Material shown —
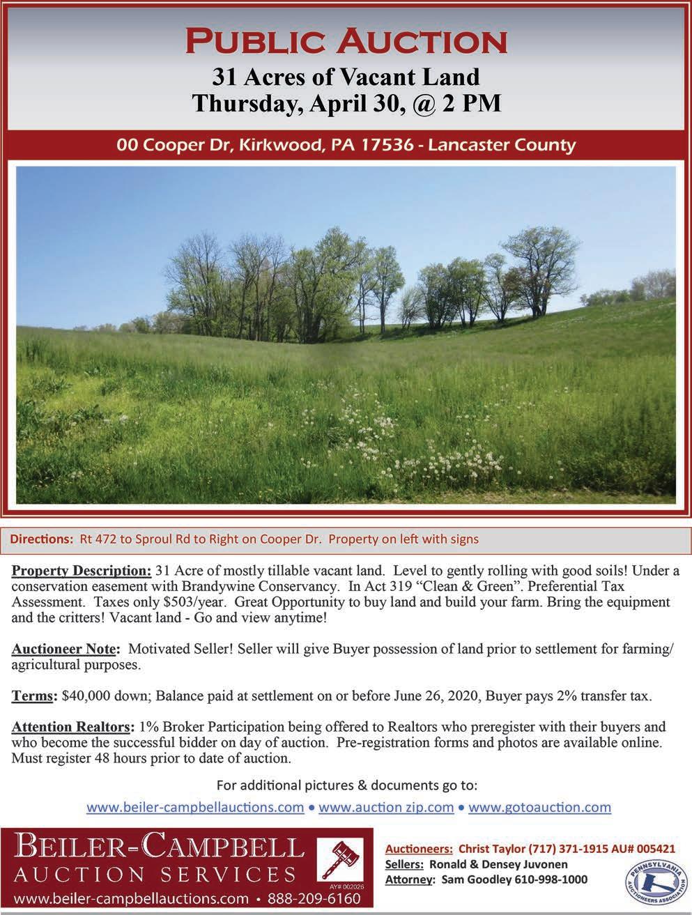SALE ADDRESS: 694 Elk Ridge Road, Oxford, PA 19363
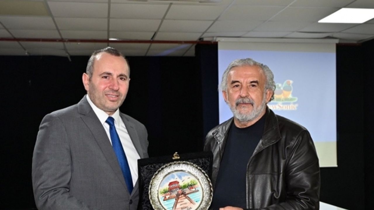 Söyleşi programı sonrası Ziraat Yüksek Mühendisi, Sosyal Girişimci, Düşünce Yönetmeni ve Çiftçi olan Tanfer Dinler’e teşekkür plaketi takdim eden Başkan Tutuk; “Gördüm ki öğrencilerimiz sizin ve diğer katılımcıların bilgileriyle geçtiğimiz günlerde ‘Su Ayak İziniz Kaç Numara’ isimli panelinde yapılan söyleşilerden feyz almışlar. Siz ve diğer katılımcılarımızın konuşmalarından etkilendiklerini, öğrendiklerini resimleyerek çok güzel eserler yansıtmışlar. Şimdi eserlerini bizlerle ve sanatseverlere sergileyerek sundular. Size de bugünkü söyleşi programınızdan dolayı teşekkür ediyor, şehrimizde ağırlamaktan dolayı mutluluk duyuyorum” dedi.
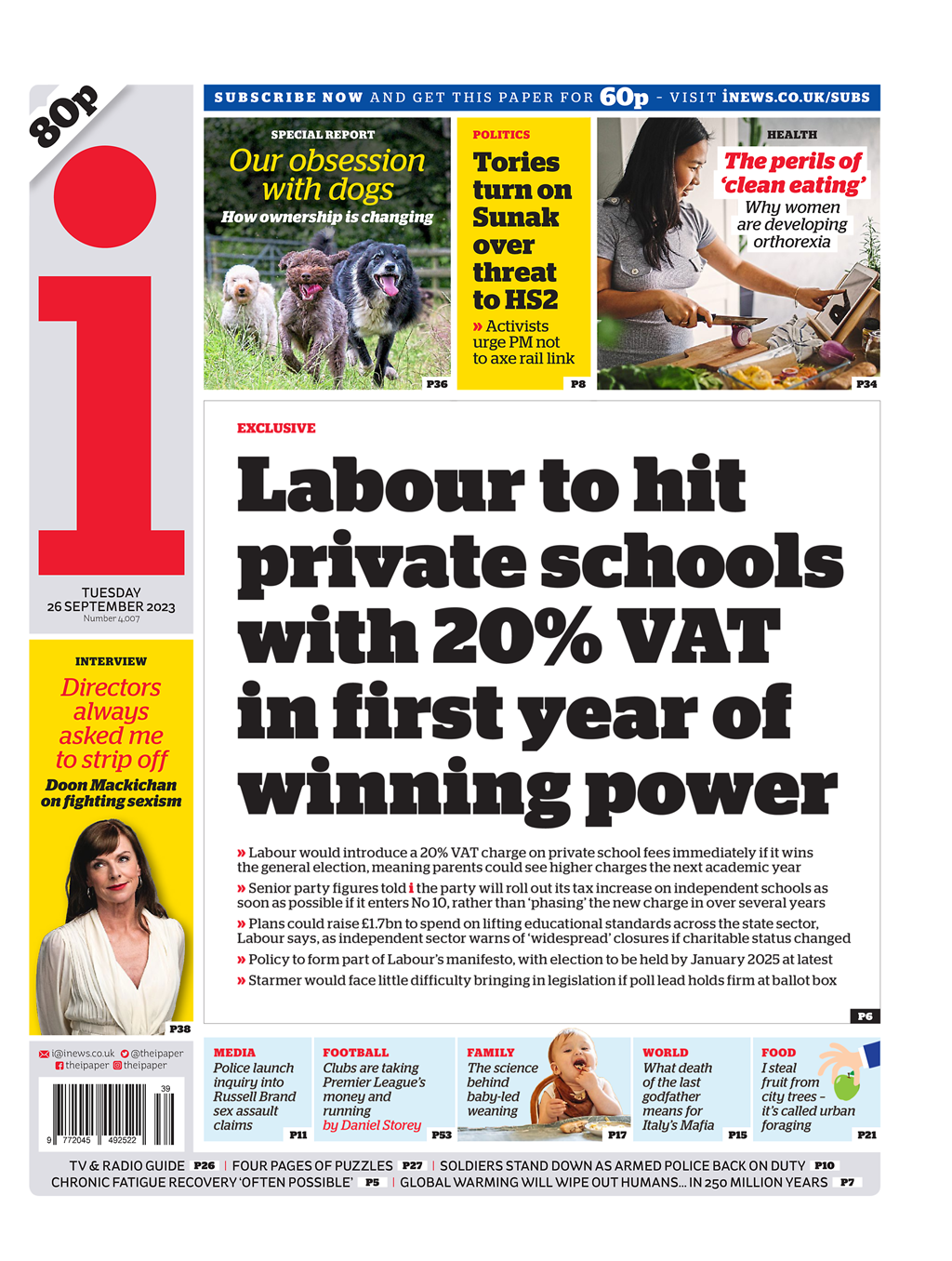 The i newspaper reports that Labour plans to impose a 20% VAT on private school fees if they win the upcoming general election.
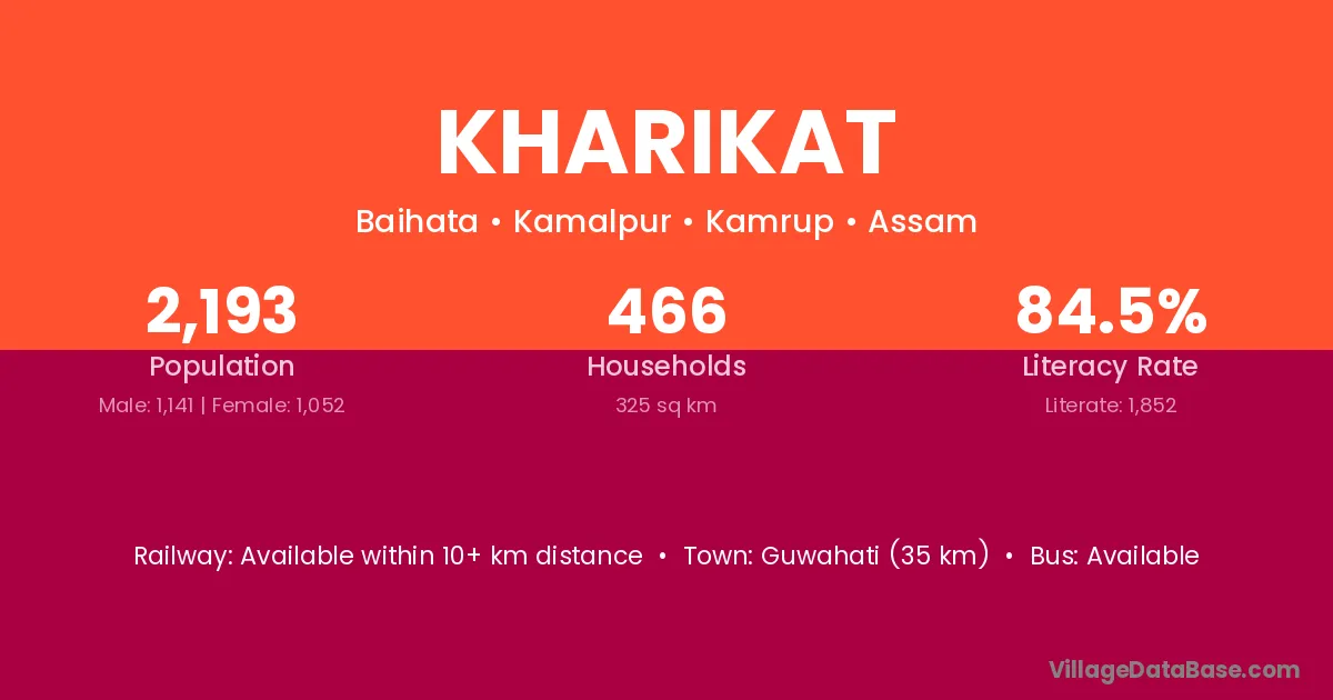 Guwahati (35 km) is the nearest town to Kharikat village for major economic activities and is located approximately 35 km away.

...

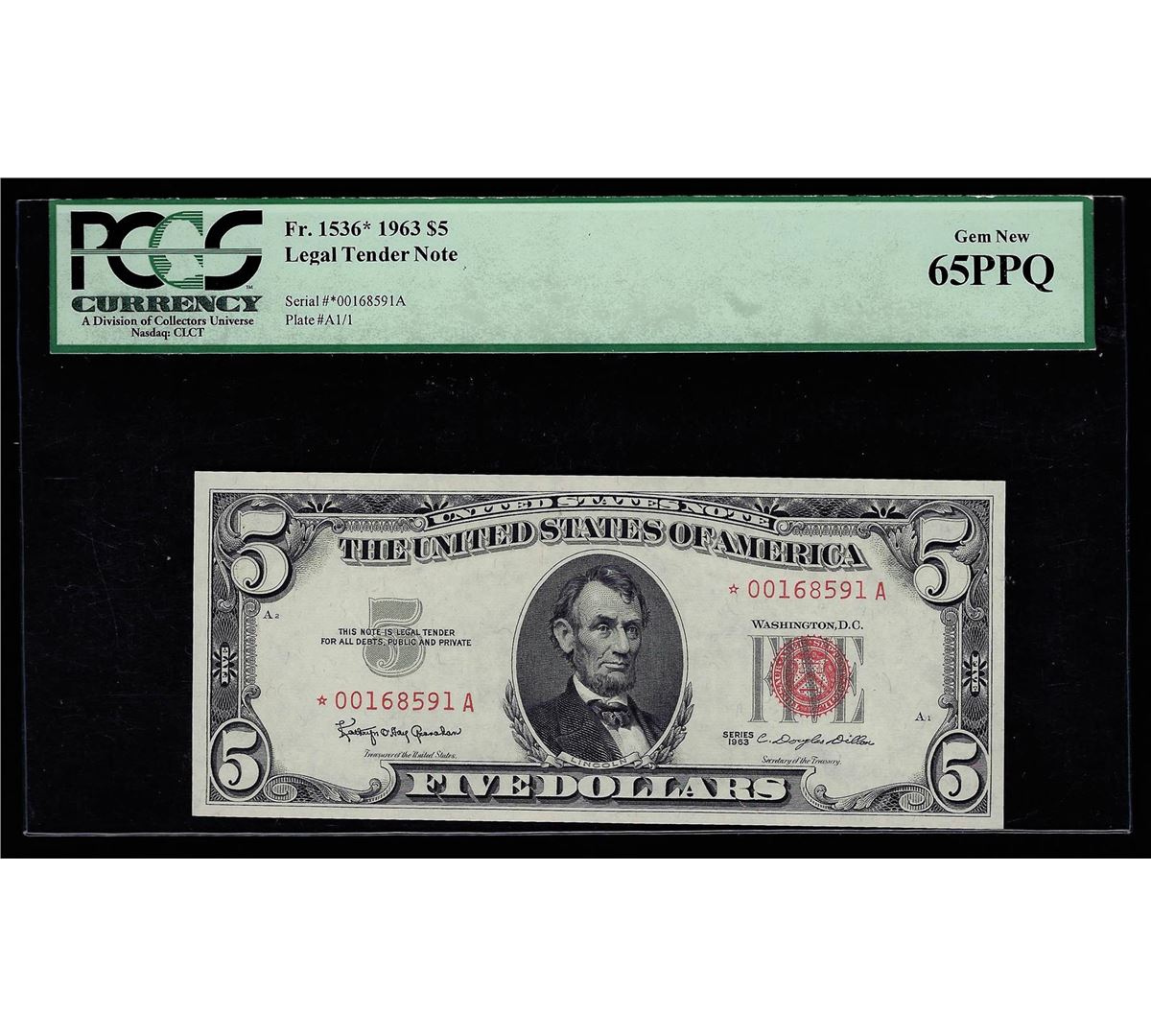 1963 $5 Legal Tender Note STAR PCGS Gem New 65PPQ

...

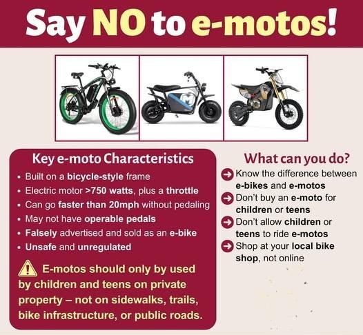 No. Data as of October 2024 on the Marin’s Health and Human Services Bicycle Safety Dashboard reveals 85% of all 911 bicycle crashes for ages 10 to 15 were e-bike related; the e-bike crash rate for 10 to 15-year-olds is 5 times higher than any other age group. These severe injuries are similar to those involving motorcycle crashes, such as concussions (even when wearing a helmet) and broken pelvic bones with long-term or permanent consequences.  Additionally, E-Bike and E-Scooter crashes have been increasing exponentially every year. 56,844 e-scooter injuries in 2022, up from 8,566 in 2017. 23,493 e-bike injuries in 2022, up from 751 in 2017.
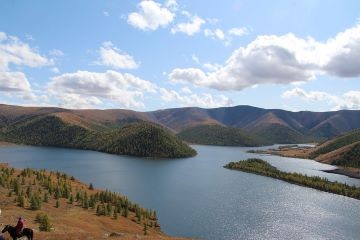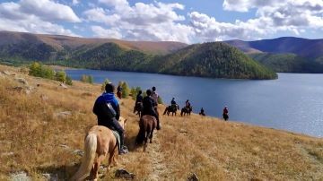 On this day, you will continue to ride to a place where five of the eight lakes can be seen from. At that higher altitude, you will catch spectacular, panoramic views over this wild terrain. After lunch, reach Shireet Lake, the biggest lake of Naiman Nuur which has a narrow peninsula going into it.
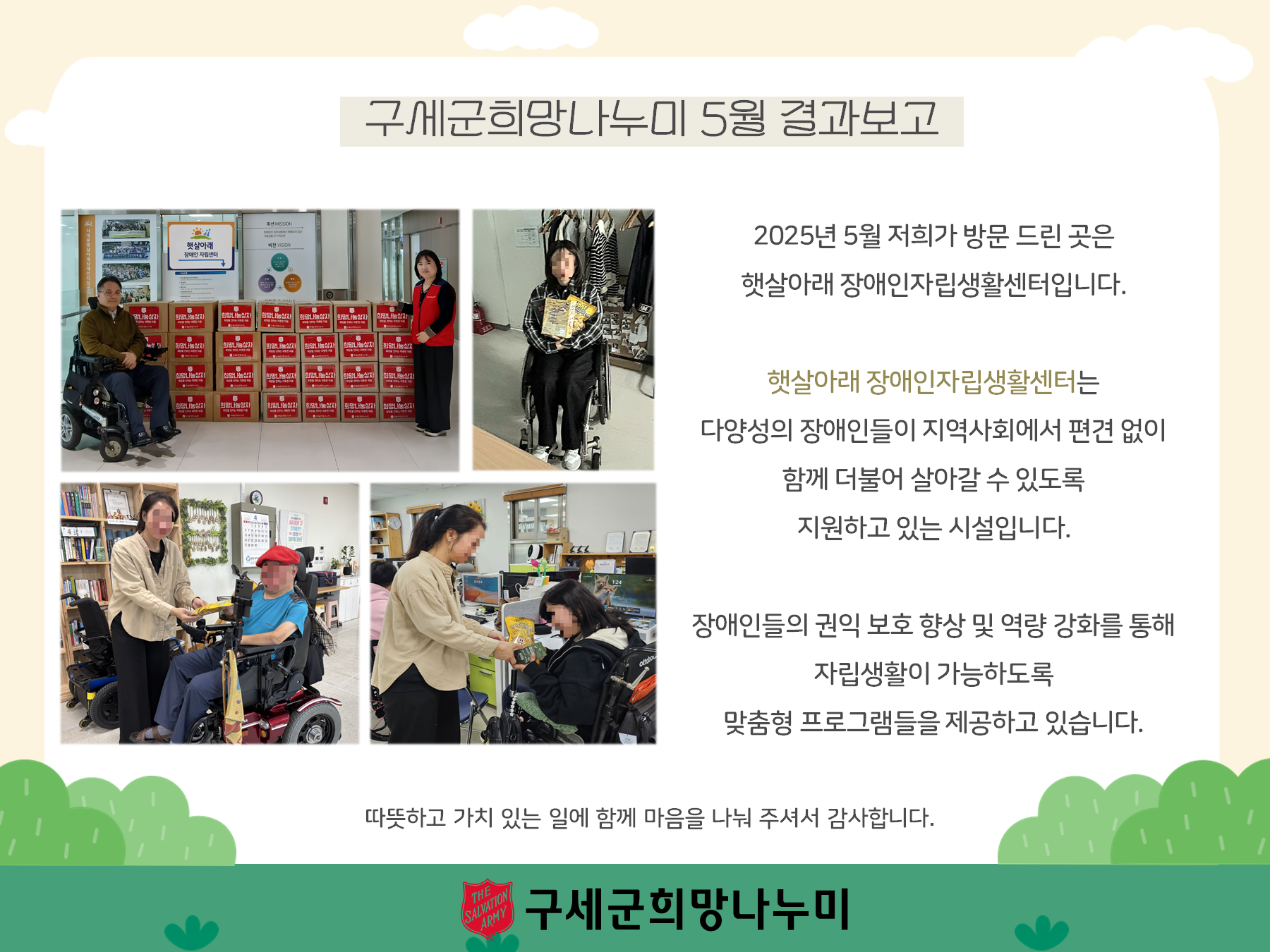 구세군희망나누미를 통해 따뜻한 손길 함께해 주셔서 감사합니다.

What to produce — Copy exactly the lines of the entries above from the one containing "The i newspaper" through the one containing "Guwahati (35 km)". Both end lines count; pictures do not.

Solution —
 The i newspaper reports that Labour plans to impose a 20% VAT on private school fees if they win the upcoming general election.
 Guwahati (35 km) is the nearest town to Kharikat village for major economic activities and is located approximately 35 km away.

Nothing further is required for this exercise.